** Exercise directions **
Nothing is needed except the lines below that run from the one with "103450 Baterai Lithium" through the one with "本系統(tǒng)采用的是M", repeated exactly.

** Given entries **
....

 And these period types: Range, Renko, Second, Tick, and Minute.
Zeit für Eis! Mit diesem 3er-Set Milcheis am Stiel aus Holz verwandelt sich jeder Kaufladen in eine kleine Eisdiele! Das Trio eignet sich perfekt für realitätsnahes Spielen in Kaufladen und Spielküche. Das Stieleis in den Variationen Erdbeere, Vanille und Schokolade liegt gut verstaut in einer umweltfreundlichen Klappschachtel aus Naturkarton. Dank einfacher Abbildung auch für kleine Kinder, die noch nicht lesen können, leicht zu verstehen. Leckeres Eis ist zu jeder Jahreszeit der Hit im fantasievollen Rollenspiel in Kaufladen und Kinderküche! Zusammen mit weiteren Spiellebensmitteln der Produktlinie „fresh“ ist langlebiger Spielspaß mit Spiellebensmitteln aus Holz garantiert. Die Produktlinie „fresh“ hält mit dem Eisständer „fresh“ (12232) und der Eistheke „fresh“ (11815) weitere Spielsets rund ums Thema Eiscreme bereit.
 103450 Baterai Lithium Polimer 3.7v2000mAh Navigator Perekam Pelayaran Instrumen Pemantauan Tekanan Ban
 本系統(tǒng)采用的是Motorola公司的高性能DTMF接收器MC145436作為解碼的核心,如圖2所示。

....

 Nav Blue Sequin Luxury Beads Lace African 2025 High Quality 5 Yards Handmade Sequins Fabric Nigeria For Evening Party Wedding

....

** Solution to the problem **
 103450 Baterai Lithium Polimer 3.7v2000mAh Navigator Perekam Pelayaran Instrumen Pemantauan Tekanan Ban
 本系統(tǒng)采用的是Motorola公司的高性能DTMF接收器MC145436作為解碼的核心,如圖2所示。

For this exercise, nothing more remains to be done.